SymptomWise: A Deterministic Reasoning Layer for Reliable and Efficient AI Systems
Summary: arXiv:2604.06375v1 Announce Type: new
Abstract: AI-driven symptom analysis systems face persistent challenges in reliability, interpretability, and hallucination. End-to-end generative approaches often lack traceability and may produce unsupported or inconsistent diagnostic outputs in safety-critical settings. We present SymptomWise, a framework that separates language understanding from diagnostic reasoning.

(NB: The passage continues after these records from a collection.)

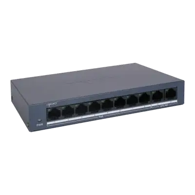 Hikvision DS-3E0110MP-E/M 8 Port Fast Ethernet Unmanaged PoE Switch, 8 × 10/100 Mbps PoE RJ45 ports and 2 × 10/100 Mbps RJ45 ports, Auto MDI/MDIX of ports, Store-and-forward switching mode, Auto MAC address learning and aging, MAC Address Table: 2K, Switching Capacity: 1.6 Gbps, Packet Forwarding Rate: 1.19 Mpps, Internal Cache: 768 Kbit, PoE Power Budget: 60 W, Metal material, 48 VDC.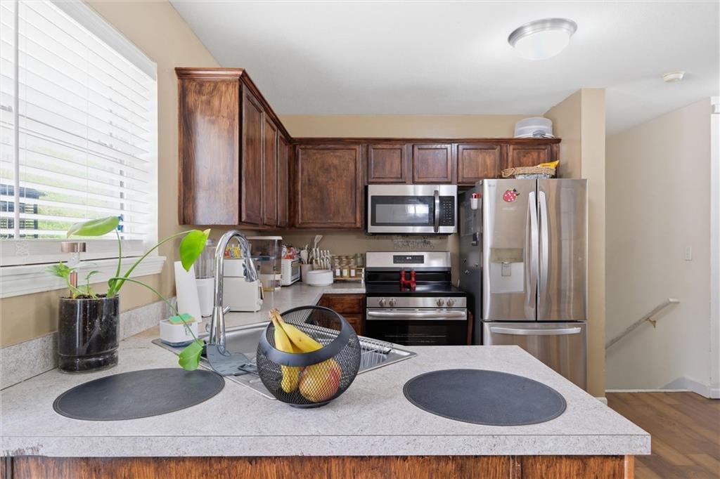 Charming 3-bedroom, 2.5-bath side-by-side split home offering a functional layout and great potential. The main level features a spacious living area, while the kitchen and dining spaces provide plenty of room for everyday living and entertaining. Upstairs, you’ll find three comfortable bedrooms, including a primary suite with a private bath. The basement includes two non-conforming rooms, offering flexible space for a home office, workout area, or additional storage. A 2-car garage provides convenience and extra storage. Situated on a generous lot with easy access to major highways, shopping, and dining.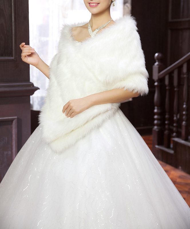 White Extra Long Faux Fur Bridal Wrap Shawl Cape Shrug Bolero Coat Bridal Stole Formal Shoulder Cover Scarf Jacket Wedding Accessories Womens Clothing Clothes

Introduction to SymptomWise
The healthcare sector increasingly relies on artificial intelligence to enhance diagnostic processes. However, traditional AI systems often struggle with reliability and interpretability, which are critical in medical settings. SymptomWise addresses these challenges by introducing a novel framework that integrates expert knowledge with deterministic reasoning.
Key Features of SymptomWise
SymptomWise operates on several foundational principles aimed at improving the AI diagnostic process:
- Separation of Concerns: The framework distinctly separates language understanding from diagnostic reasoning. This allows for clearer paths of inference and enhances the reliability of outputs.
- Expert-Curated Knowledge: It incorporates a wealth of expert knowledge, ensuring that the system’s diagnostic capabilities are grounded in established medical principles.
- Deterministic Inference: By using codex-driven inference, the system operates within a finite hypothesis space, which makes the reasoning process more transparent and traceable.
- Constrained Use of Language Models: Large language models are employed primarily for symptom extraction and optional explanations, rather than for drawing diagnostic conclusions. This minimizes the risks associated with hallucination and unsupported assertions.
Methodology
The methodology behind SymptomWise involves a systematic approach to processing free-text input. The steps include:
- Mapping free-text input to validated symptom representations.
- Utilizing a deterministic reasoning module that evaluates these representations against a finite set of potential diagnoses.
- Generating a ranked list of differential diagnoses based on the analysis.
Preliminary Evaluation Results
The preliminary evaluation of SymptomWise was conducted on 42 expert-authored pediatric neurology cases. The findings were promising:
- The correct diagnosis appeared in the top five differentials in 88% of the cases evaluated.
- This level of accuracy demonstrates a significant overlap with clinician consensus, indicating the effectiveness of the framework.
Implications Beyond Medicine
While SymptomWise is explicitly designed for medical applications, its framework has broader implications. It generalizes well to other domains requiring abductive reasoning, potentially serving as a deterministic structuring and routing layer for foundation models. This could enhance precision and reduce unnecessary computational overhead in various bounded tasks.
Conclusion
SymptomWise represents a substantial advancement in the development of reliable and efficient AI systems. By addressing core challenges in AI-driven diagnostics, it not only enhances the reliability of outputs but also sets a precedent for future AI frameworks across diverse fields.